** Opening Exercise data block **

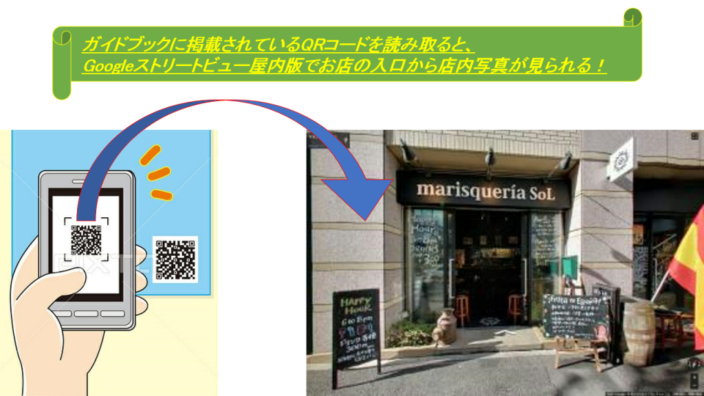仕組みとしては、紙媒体であればリンク先のQRコードとURLを表記します。また、アプリやホームページも作成する予定です。アプリやホームページにおいては、閲覧中の店舗写真の一つをGoogleストリートビュー屋内版と同じ写真を使い、その写真をタップまたはクリックするとGoogleストリートビュー屋内版へ移動するといった様にプログラムを作ります。
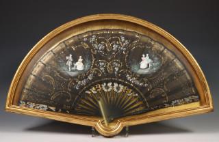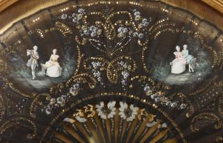 Beschilderd met scenes van galante koppels. Geborduurd met pailletten, houten benen. In goud gelakte vitrine met glasplaat.
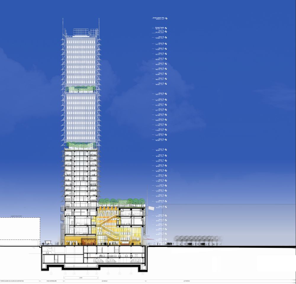 Starting from April, what will be the largest court complex in Europe mirrors the proportions of Haussmann’s Paris in the layout of the main body onto which are grafted three upper blocks, similar to sails connected by a thin central mast complete with panoramic elevators.
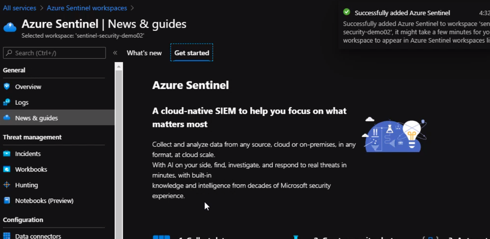 our Azure sentinel workspace is created. So now we can go ahead and configure a few Azure resources to send logs to this workspace.
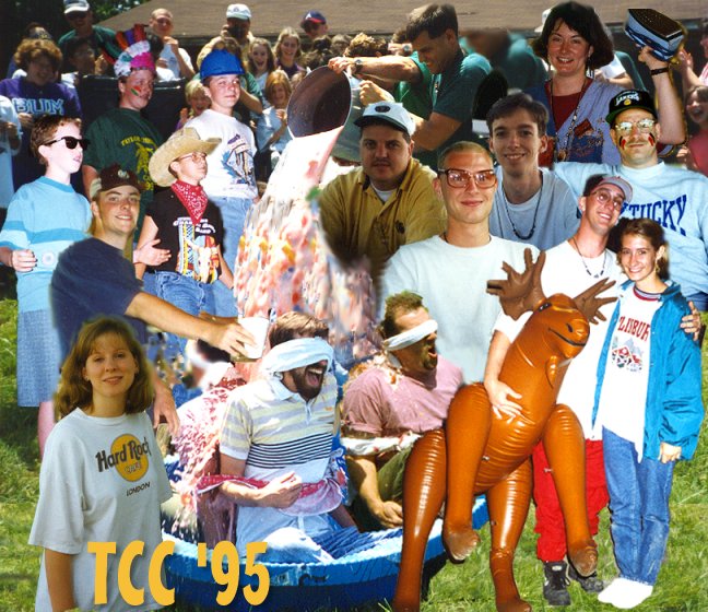 TCC '95June 11-16, 1995Theme: Teach Me, Lord, to Wait Significance: This is MJ's last time to be at TCC. Camp skits were pretty decent this year. Who could forget the Villiage People singing "YMCA?" Tim McHenry and Tim West are slimed.
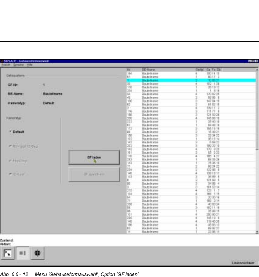 Å Klicken Sie auf die Schaltfläche ’GF laden’. Im Anzeigefeld ’Gehäuseform’ werden der Ge-
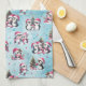 Cute Penguins Pattern Blue and Pink Christmas Tea Towel
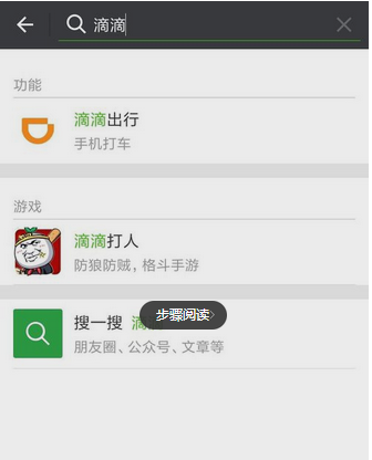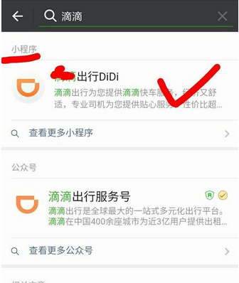 2. 搜索任意小程序,这里只为演示,搜索“某滴”,这里要点击“搜一搜”
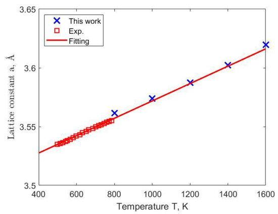 The lattice parameter and thermal expansion coefficient (TEC), calculated as a function of temperature, are shown in Figure 4 and Figure 5 where the calculated results are compared with available experimental information. It can be seen in Figure 4 that the theoretical values of the lattice parameter, as well as its temperature dependence, are similar to the experimental data. Although the theoretical values of TEC are smaller than experimental values at about 800 K, the theoretical and experimental TEC values are close to each other at temperatures above 1000 K. The temperature dependencies of the lattice parameter and TEC agree with the experimentally observed trends at high temperatures.
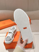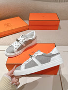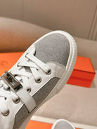 HM 25ss Kelly Buckle Sneakers White Gray Cowhide Canvas 577491
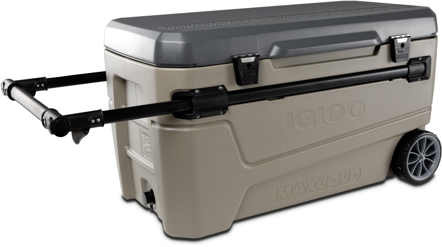 Load up your boat for a trip out on the water with the Igloo MaxCold Glide 110 qt Full-Size Wheeled Cooler. Ultratherm™ foam insulation maintains ice cold temperatures for up to 6 days at 90 degrees F, while the ruler on the lid gives you the ability to measure your catch. Stainless-steel hinges and a hybrid latch help keep contents secured, and the horizontal telescoping handle and soft-ride wheels enable easy transport. Made in USA.
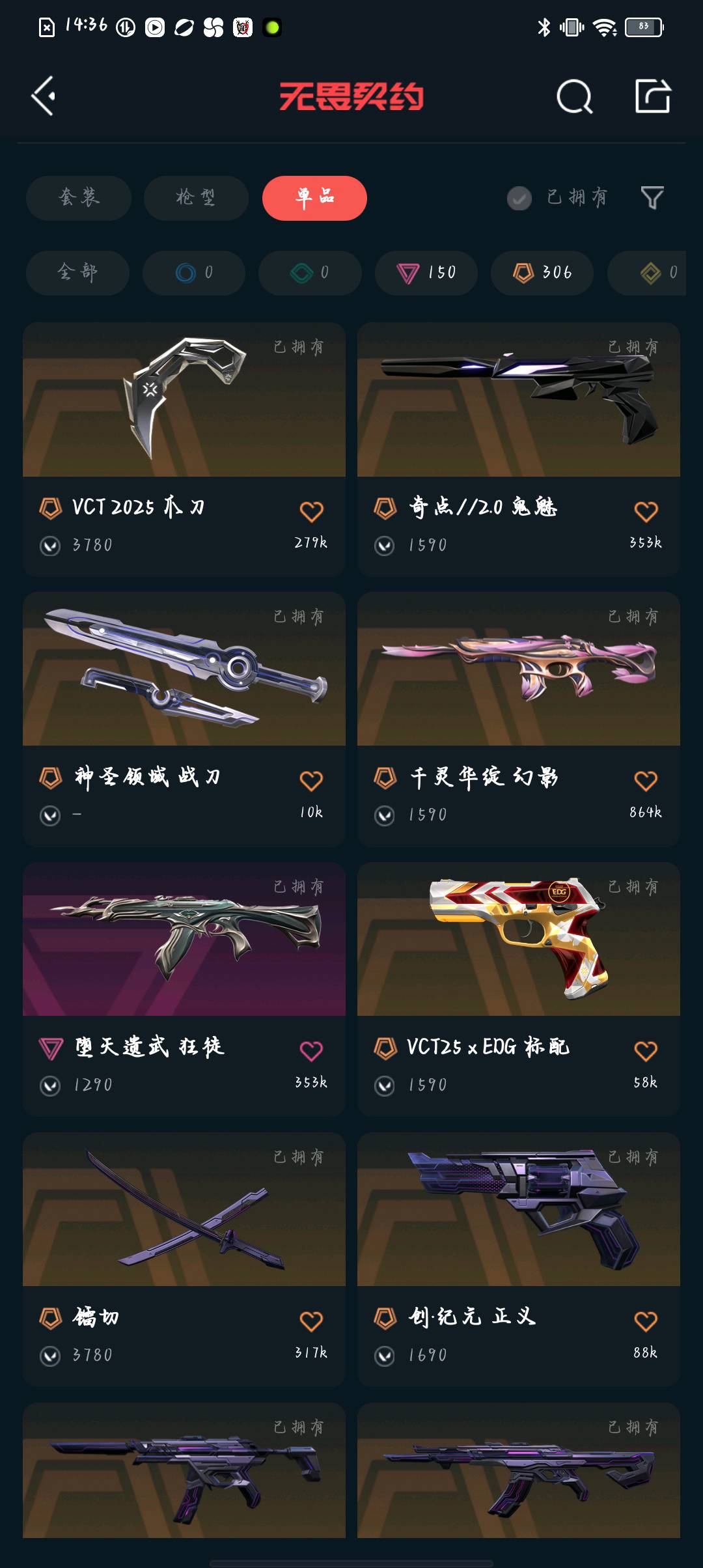 精品小号🔥VCT爪刀炫彩以开🔥创纪元套🔥千灵幻影 奇点鬼魅等热门皮肤
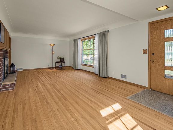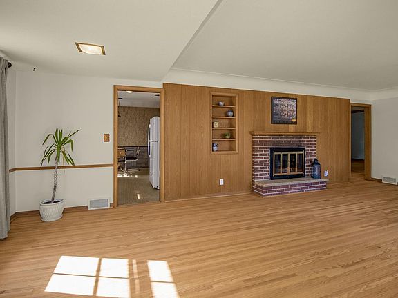Welcome to this charming 4-bedroom rambler nestled in the heart of Brooklyn Center! Gleaming natural wood floors and a sun-filled picture window create a warm welcome. The spacious living room features a cozy wood-burning fireplace, brick surround, and built-in bookshelf, flowing into a formal dining room with a built-in hutch. The main level offers three generous bedrooms and a full bath. The kitchen includes a large pantry, new dishwasher, and newer fridge. Step out to a private backyard with a concrete patio—perfect for relaxing or entertaining. The finished basement adds a large family room with another wood fireplace and blower- a great supplemental or alternative heat source- plus a 4th bedroom. Both lower-level rooms feature new egress windows. You'll also find a spacious laundry/work area with new Whirlpool washer/dryer (2025). Ample storage includes a new furnace and water heater (2024). Just blocks to Lions Park and Centerbrook Golf Course, with easy access to shopping, transit, and highways!
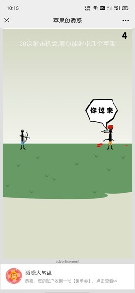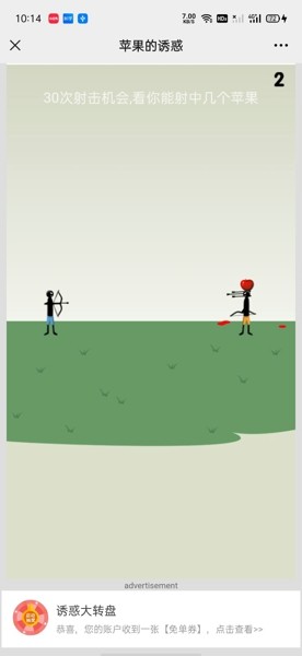 苹果的诱惑用户可以体验各种不同的射击角度,让对方头顶的苹果被顺利击落,多种魔性的冒险角度,轻松收获各种不同的爆笑经历,超好玩的挑战内容,使玩家有各种不同的手游玩法,30次射击机会,看你能射中几个苹果,考验自己的射击技术。
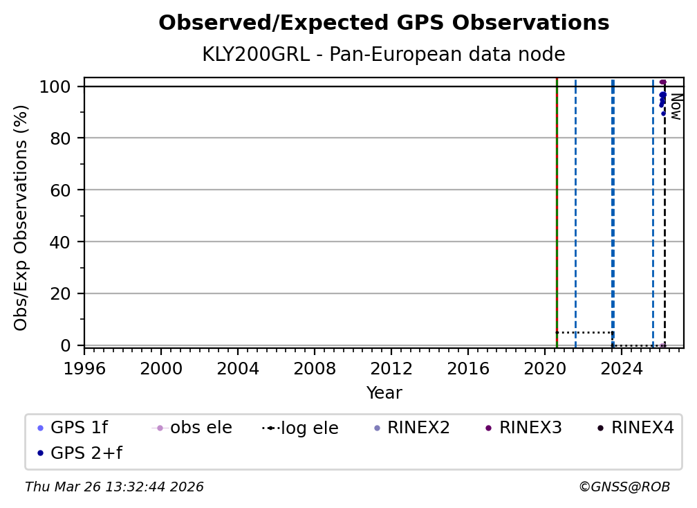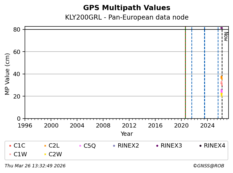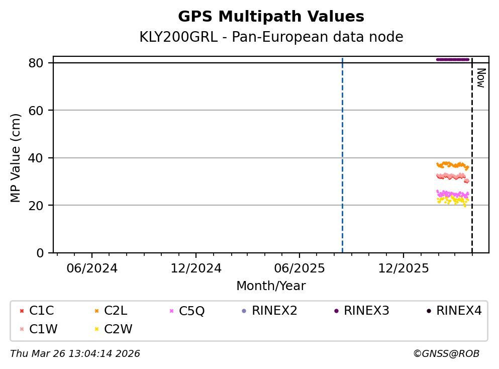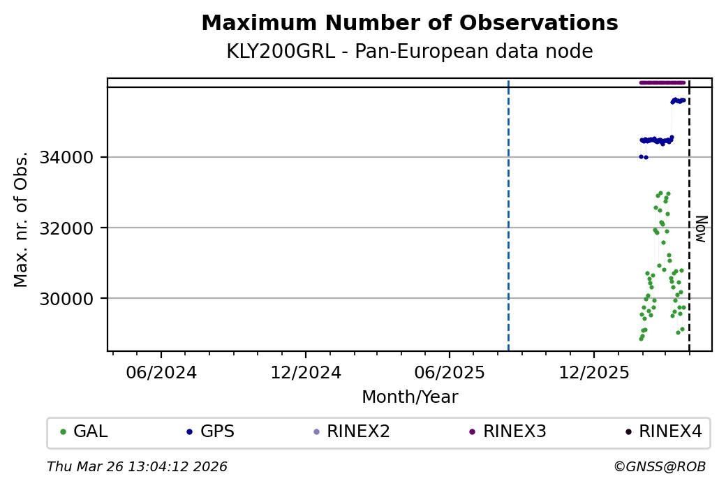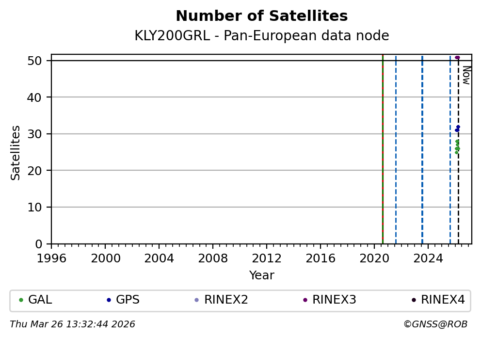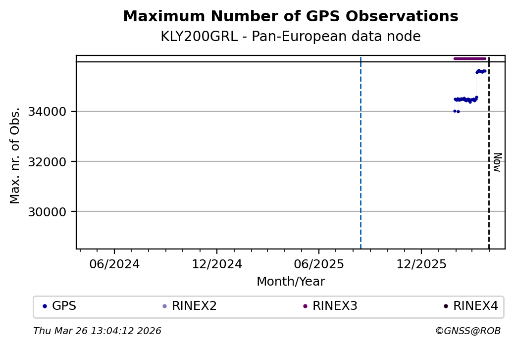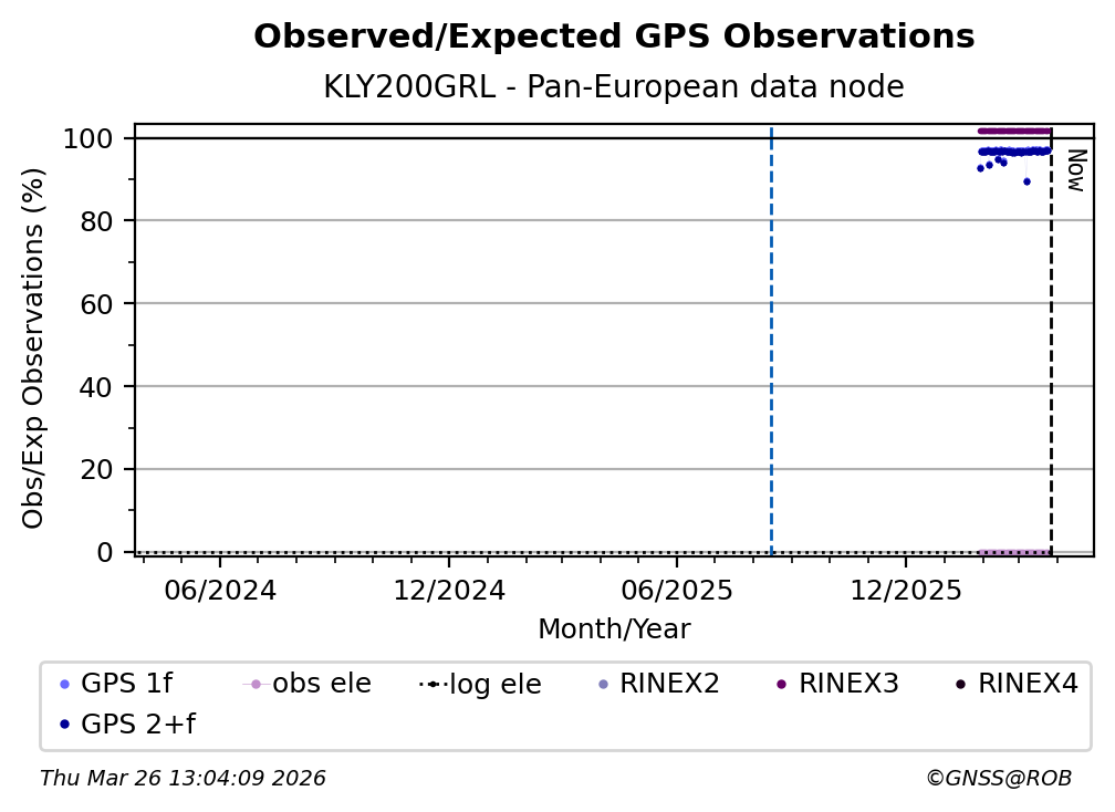 The plots below present the long-term tracking performance of the EPOS-GNSS station KLY200GRL based on the daily RINEX data available from the Pan-European EPOS-GNSS data node. The data quality metrics have been computed at the data node using the G-Nut/Anubis software.

** Closing Exercise data block **

__Your assignment__.
Above are the records; copy exactly the lines from the one with "The lattice parameter and thermal" through the one with "HM 25ss Kelly", including both, and nothing more. Leave out pictures.

__Solution for this exercise__.
 The lattice parameter and thermal expansion coefficient (TEC), calculated as a function of temperature, are shown in Figure 4 and Figure 5 where the calculated results are compared with available experimental information. It can be seen in Figure 4 that the theoretical values of the lattice parameter, as well as its temperature dependence, are similar to the experimental data. Although the theoretical values of TEC are smaller than experimental values at about 800 K, the theoretical and experimental TEC values are close to each other at temperatures above 1000 K. The temperature dependencies of the lattice parameter and TEC agree with the experimentally observed trends at high temperatures.
 HM 25ss Kelly Buckle Sneakers White Gray Cowhide Canvas 577491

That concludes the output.